Unfortunately, I didn’t have a year to plan everything. I had to pull my wedding together in 6 months! That’s engagement photos, planning and everything in between. It was exhausting.  I also had to do all this while working long hours and taking care of my (at the time) 10-month-old.  Talk about stressed to the max!

So, I wanted to share some of my advice on how I would have saved more money and still had a good time and not go completely broke. This is of course if you don’t want to go to the courthouse.

Here are my list and advice on how to save money on your wedding!

Day of the week matters. Some places you will look into will come out cheaper on a Sunday even though it’s traditional. I assume that since in modern day times, most people have to go back to work on Monday and Sundays are still considered the “chill-be-lazy-day” and most people are not going to feel like going to a dressy occasion when they worked so hard all week. They just want to relax! With that being said, Friday and Saturdays have become the most desirable days to have weddings! Especially if there is drinking and partying after.  Friday and Saturdays are the most expensive! But if you don’t want to do Sunday, I would recommend Saturday. Yes, it’s still expensive but when you are keeping your guest in mind, most work on Fridays and might not be able to get off or if they usually get off at 5, your wedding will have to be an evening wedding and for some reason, that’s less desirable as well. (in my experience.)  Sundays are your best bet in most cases for cheap, but Saturday will be the most convenient day for guest.calendar.jpeg

Buy your dress from a warehouse or online and get it altered. Noone has to know you didn’t spend $3000 on your dress. A $150 dress can look just as good as a $3000 and NO ONE will know the difference. Trust me. Plus there are simple things you can do to make it look like a million dollars! If you’re creative, this is a fun project to work on! Those expensive sashes from the bridal stores are at least $50….for just a cloth belt with custom jews on them. Rip off! Go to the fabric store, buy some nice fabric, get some cute jews from the hobby store and make your own sash! See! You’ve already saved $40! Michael’s art store always have great coupons on regular priced items so, you’ll save regardless! And Amazon has great dresses at great prices, too!

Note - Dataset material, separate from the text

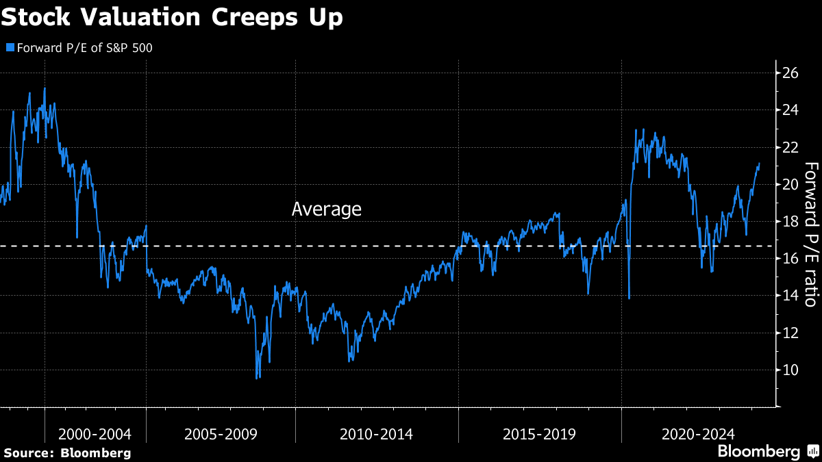 US equities wavered after a record-breaking run that drove the S&P 500 up about 10% this year. In an almost broad-based weekly advance, the gauge climbed more than 2% in the span. The market resilience has left strategists scrambling to update their targets, while spurring calls for a consolidation or a pullback.

Same for shoes. Some brides are doing the “hip” thing and wearing quirky shoes like Chucks or cowboy boots that go along with their themes or just cute for picture opportunities. If you are planning on going more traditional with heels, you can find good deals on heels online! eBay, Amazon (my fave!), just fab and even Zulily has had some great prices on some cute shoes! I’ve found people selling their barely used shoes on Facebook Market (you have to join some of these groups, though.) Or going to second-hand stores (Plato’s closet). I’ve found one of my bridesmaids’ shoes from Rack Room Shoes on sale and they were cute! (Rack Room usually has their buy one get one 1/2 off sale going on always.)

Let your bridesmaids wear dresses that flatter them. No one is going to steal your shine because you’re the one who’s wearing the white dress. Plus it’s also in style to do non-matching dresses. They can be all the same color or a gradient of colors or same fabric. Unless you only have a small number of bridesmaids or they are all the same body type and you just really want everyone to match, go for it. It’s your day but honestly having everyone pick their own dress, gives them more freedom and lets the other girls who aren’t waiting on you hand and foot have a chance to be involved. Don’t forget to ask them to let you approve of their choices, though. It’s still your day, however.

Side note: Choose your bridal party wisely. This isn’t necessarily saving money but the more people you have in your party, the more expensive it will be.

Grooms…guys have it so easy. If not suits, just dress shirts, slacks and ties are nice. And looks nice, too. Most guys already have something like this in their closets.

Flowers, go fake. You can keep them forever and they will always look nice and give your bridal party a piece to take with them from that day. Dress it up with trinkets from Hobby Lobby or Michaels.

Go to Costco or Sam’s for “fantasy” cutlery. They have hard plastics that look just like real silverware and plates too! While you’re at it, buy some booze too! You always save money when you buy in bulk! Of course, you’ll need a membership but if you don’t, there’s always a friend who has one or they have those 30-day free trails sometimes to get new members to sign in. You really only need a basic membership to do this anyway.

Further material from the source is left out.